Information shown |
★ ★ ★ ★ ★ ★ ★

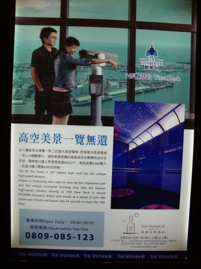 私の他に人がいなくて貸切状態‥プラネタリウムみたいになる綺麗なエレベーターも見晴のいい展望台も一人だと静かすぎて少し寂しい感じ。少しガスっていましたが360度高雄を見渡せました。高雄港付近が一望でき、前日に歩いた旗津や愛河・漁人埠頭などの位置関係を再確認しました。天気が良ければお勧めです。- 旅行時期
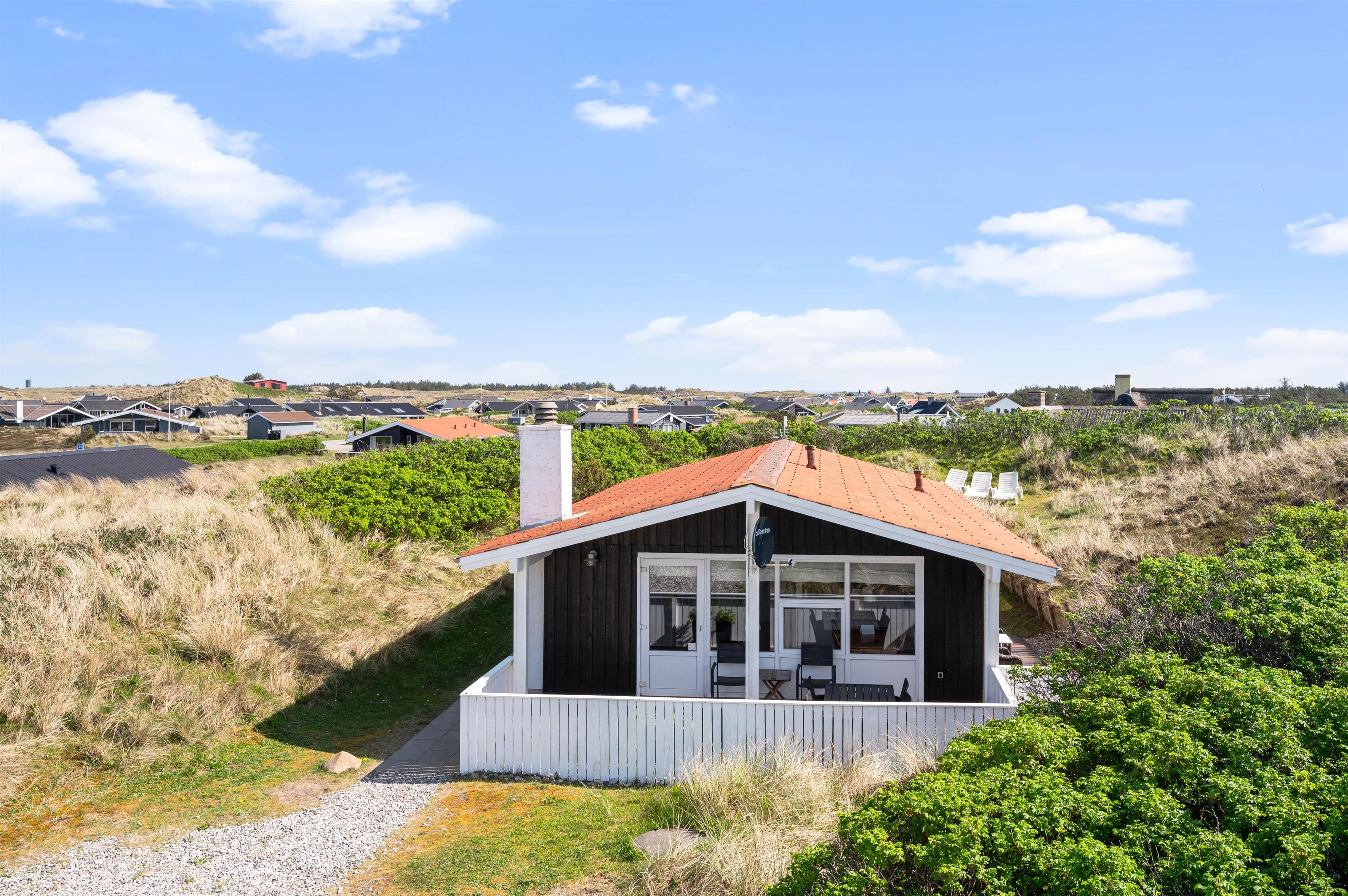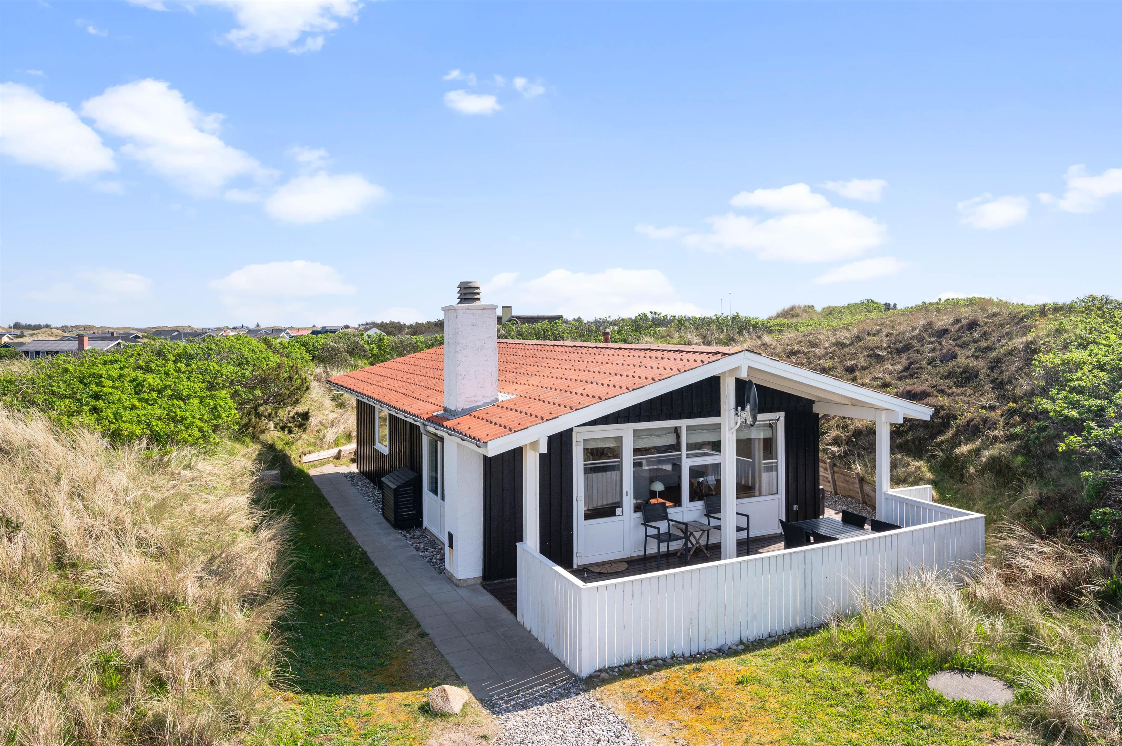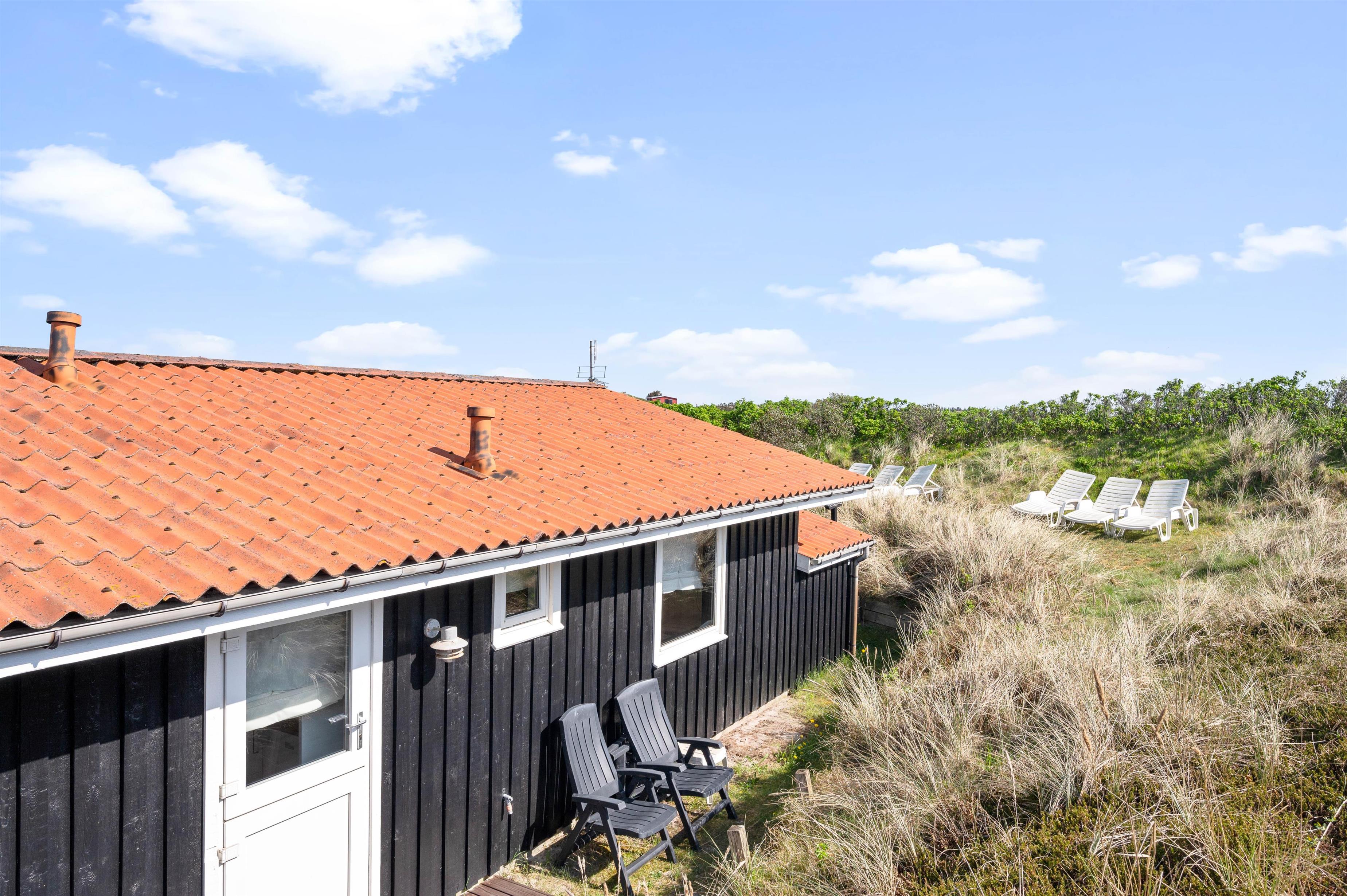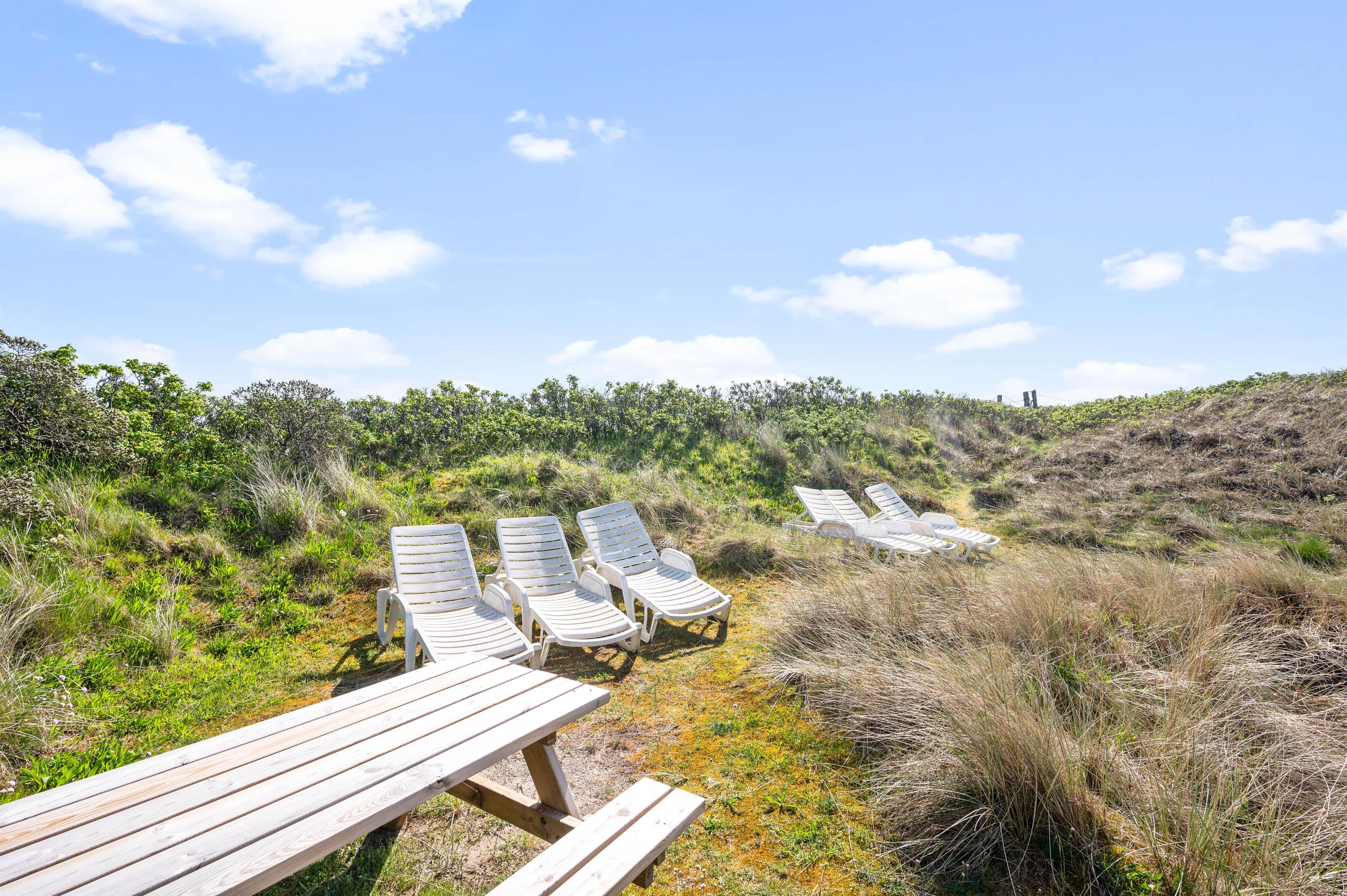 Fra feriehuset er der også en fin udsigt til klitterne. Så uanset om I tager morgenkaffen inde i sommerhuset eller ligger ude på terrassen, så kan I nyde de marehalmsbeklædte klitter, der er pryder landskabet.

★ ★ ★ ★ ★ ★ ★

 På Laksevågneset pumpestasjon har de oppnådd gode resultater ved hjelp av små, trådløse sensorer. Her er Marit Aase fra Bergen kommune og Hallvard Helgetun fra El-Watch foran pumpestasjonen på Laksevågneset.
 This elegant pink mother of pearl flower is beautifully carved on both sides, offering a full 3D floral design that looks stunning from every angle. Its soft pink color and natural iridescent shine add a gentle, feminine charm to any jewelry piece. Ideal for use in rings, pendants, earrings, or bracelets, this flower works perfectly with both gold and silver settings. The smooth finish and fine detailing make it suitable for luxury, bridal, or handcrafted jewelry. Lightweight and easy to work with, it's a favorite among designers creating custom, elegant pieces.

★ ★ ★ ★ ★ ★ ★

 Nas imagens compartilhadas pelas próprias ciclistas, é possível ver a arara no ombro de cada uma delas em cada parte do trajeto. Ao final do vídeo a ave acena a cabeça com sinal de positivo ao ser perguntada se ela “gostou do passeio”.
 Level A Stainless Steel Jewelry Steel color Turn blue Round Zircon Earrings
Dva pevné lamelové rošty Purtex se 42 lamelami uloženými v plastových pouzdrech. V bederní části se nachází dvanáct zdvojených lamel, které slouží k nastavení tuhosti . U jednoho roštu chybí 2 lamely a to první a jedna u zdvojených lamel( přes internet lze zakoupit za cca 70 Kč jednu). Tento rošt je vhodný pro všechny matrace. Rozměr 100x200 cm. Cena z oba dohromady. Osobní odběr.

★ ★ ★ ★ ★ ★ ★

Your instructions |
In the entries above, find the line with "Level A Stainless" and the line with "Dva pevné lamelové", then set down exactly those two and every line between them, nothing else.

Response to this exercise |
 Level A Stainless Steel Jewelry Steel color Turn blue Round Zircon Earrings
Dva pevné lamelové rošty Purtex se 42 lamelami uloženými v plastových pouzdrech. V bederní části se nachází dvanáct zdvojených lamel, které slouží k nastavení tuhosti . U jednoho roštu chybí 2 lamely a to první a jedna u zdvojených lamel( přes internet lze zakoupit za cca 70 Kč jednu). Tento rošt je vhodný pro všechny matrace. Rozměr 100x200 cm. Cena z oba dohromady. Osobní odběr.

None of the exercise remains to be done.